The chief among those flaws is probably that it's a film about the history of the United States' intervention in Afghanistan in the 1980s and how badly we mangled the post-war maintenance of that country that is a) defanged of any real political content; b) 97 minutes long; c) funny.

"Gosh darn it, this movie is too funny!" is assuredly not a criticism that you come across all that very often, but it is much the case that Charlie Wilson's War could do a bit better shifting between its funny scenes (which are awfully funny indeed, sometimes) and its profound and sobering scenes (which are too long and trite). I'm in no mood to start tossing blame around, but I think the problem is a mismatch between the two very distinct filmmakers at the core of the film: director Mike Nichols and screenwriter Aaron Sorkin, who have both done some very fine things in their careers, some not-as-fine things, and neither of whom seems like a natural fit for the other - although Rob Reiner turned out to fit Sorkin's writing like a glove, so who am I to judge?

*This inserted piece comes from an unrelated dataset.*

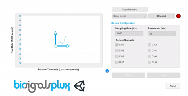 The Sample APP contained inside this repository provides a practical and intuitive resource to explore the integration of the signal acquisition devices commercialized by PLUX (biosignalsplux, BITalino...) with the powerful development environment of Unity.
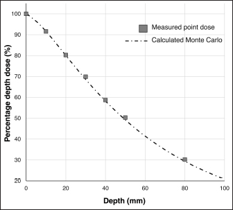 Fig. 2. Depth dose curves for orthovoltage radiotherapy. The graph compares a Monte Carlo simulation and water measurements. This figure was referred the Figure 2 of reference Iseri et al., 2023.

The film retells the true story of Congressman Charlie Wilson (Tom Hanks), a Texas Democrat whose genial amorality made him a perfect moderate choice for all sorts of deal-brokering and committee chairs, and thus it was that he found himself on the Defense Appropriations subcommittee, where he had the perfect opportunity to fund a covert CIA operation to move arms from Israel through Pakistan into Afghanistan, to support the mujahadeen against the invading Soviet army.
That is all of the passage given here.